Хаос в России после революционных событий 100-летней давности был спровоцирован гнусным предательством последнего российского императора Николая Второго. Масштаб этой личности не соответствовал величию ее роли, что и привело к последующим потрясениям, негативные последствия которых до сих пор не преодолены. Такое мнение высказала писательница Татьяна Альбрехт в рамках спецпроекта РИА «Новый День», посвященного столетнему юбилею Октябрьской революции 1917 года и современным перспективам.
Революция 1917 года – безусловно, переломный этап в жизни нашей страны.
Под революцией я подразумеваю все события 1917 года, а не только октябрьский большевистский переворот, ибо он был невозможен без всего, что произошло раньше.
На мой взгляд, самым важным и разрушительным событием, сделавшим возможным и, можно сказать, спровоцировавшим все остальные, были не антиправительственные выступления конца февраля в Петрограде и даже не октябрьский переворот, а отречение от престола Николая II и Великого Князя Михаила Александровича.
Можно, конечно, сказать, что одно стало следствием другого – массовые антиправительственные выступления спровоцировали решение государя. Но… Во-первых, я уверена, отречение не было неизбежным следствием февральских событий. Будь у государя и правящего кабинета мудрость и желание, они могли бы найти другой путь выхода из кризиса.
А во-вторых, решение Николая II и Михаила Александровича в такой ситуации нельзя расценивать иначе, как измену Родине.
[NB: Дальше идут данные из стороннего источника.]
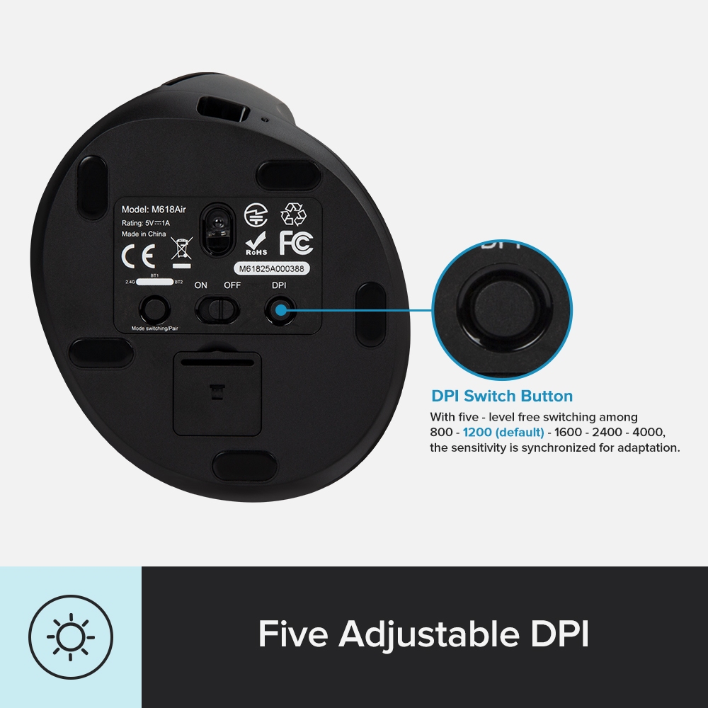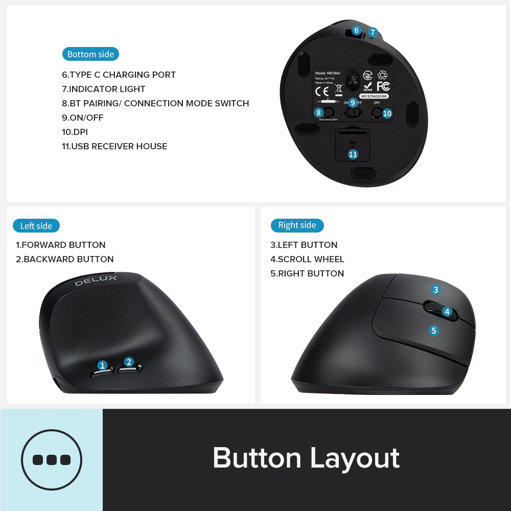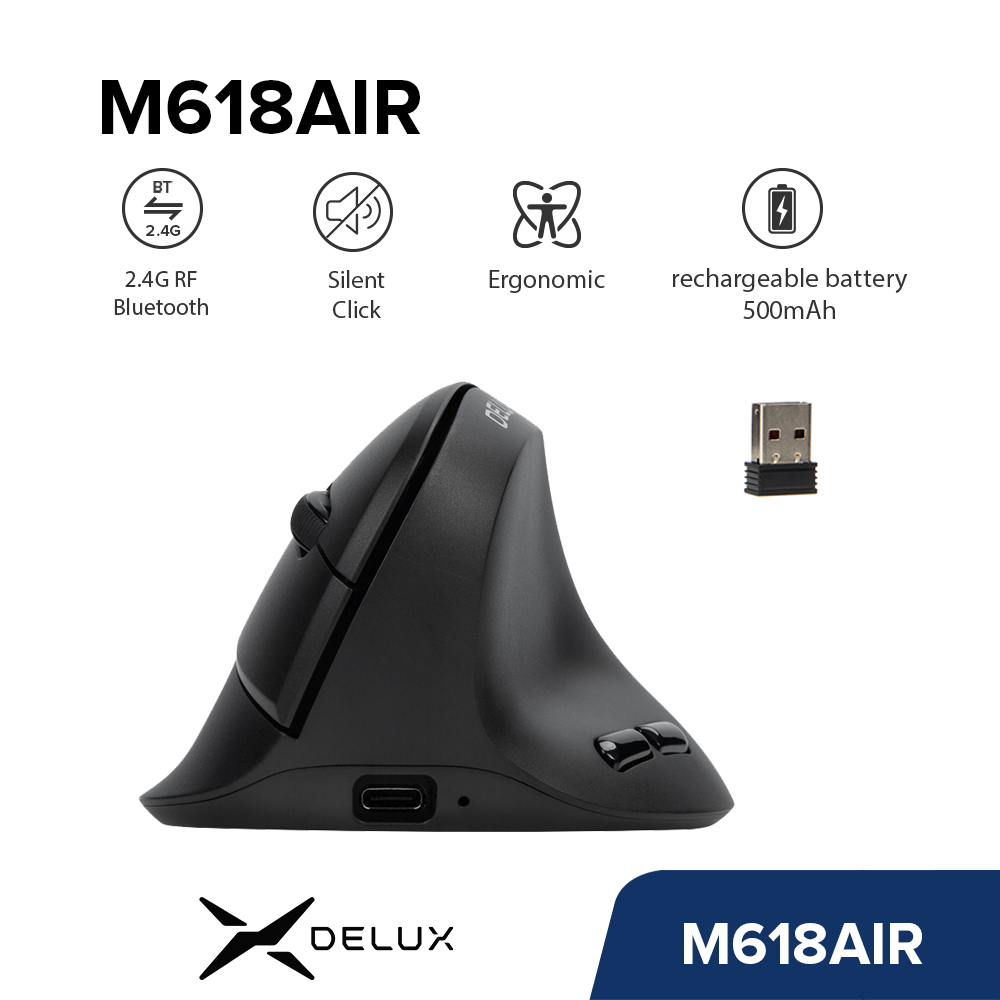 Delux M618AIR Mouse Vertical Recarregável Sem Fio Bluetooth Ergonômico MAX 4000 DPI 6 Botões Clique Silencioso Para Mãos

Понимали это те, кто толкнул государя к такому шагу, или не понимали, – не важно, они такие же изменники, не зависимо от того, какие мотивы руководили их поступками.
И дело не только в том, что главнокомандующий воюющей страны на трудном этапе войны бросает свой пост и бежит от ответственности за собственные ошибки и глупости, но еще и в том, что руководитель страны, находящейся в состоянии кризиса, усугубляет этот кризис в разы, ввергает государство в пучину хаоса и безвластия. И все это в военное время на фоне серьезных экономических проблем и явно назревающего социального взрыва. Это либо вопиющая глупость, либо самая гнусная измена, прощения и оправдания которой быть не может. Потому что после этого случилось ровно все то, чего так опасался Николай II в своем манифесте об отречении.
Впрочем, император в течение всего своего правления, а особенно в последние несколько лет наделал столько глупостей, что эта его последняя оказалась всего лишь самой выдающейся.
Вообще, полагаю, худшего государя, нежели Николай II, в Российской империи не было. Ни Петры, Второй и Третий, ни Павел, при всей сложности и неоднозначности оценок их царствований, не побьют рекорды Николая по количеству идиотизма. Чего стоит только Кровавое воскресенье. Бомба с часовым механизмом, взорвавшая монархию и, в конечном счете, Россию, была заложена 9 января 1905 года. Единственным поступком, вопиющий идиотизм которого не может оправдать ничто, император окончательно подорвал многовековую веру народа в царя-защитника. Эта вера и прежде подвергалась суровым испытаниям. Чего стоит только крестьянская реформа и отмена крепостного права, проведенная так, словно бы монарх нарочно готовил почву для социального взрыва. После такой крестьянской реформы успех начинаний Столыпина был весьма сомнителен. Точнее, для нее было нужно столько лет спокойствия и стабильности, сколько у России apriopi не было, учитывая ситуацию внутри страны и в мире. Но поступок государя 9 января 1905 года – это апогей глупости, это самое очевидное и наглядное признание монарха в том, что он ничего не знает о народе и стране, которыми призван управлять, и не способен на адекватное принятие решений.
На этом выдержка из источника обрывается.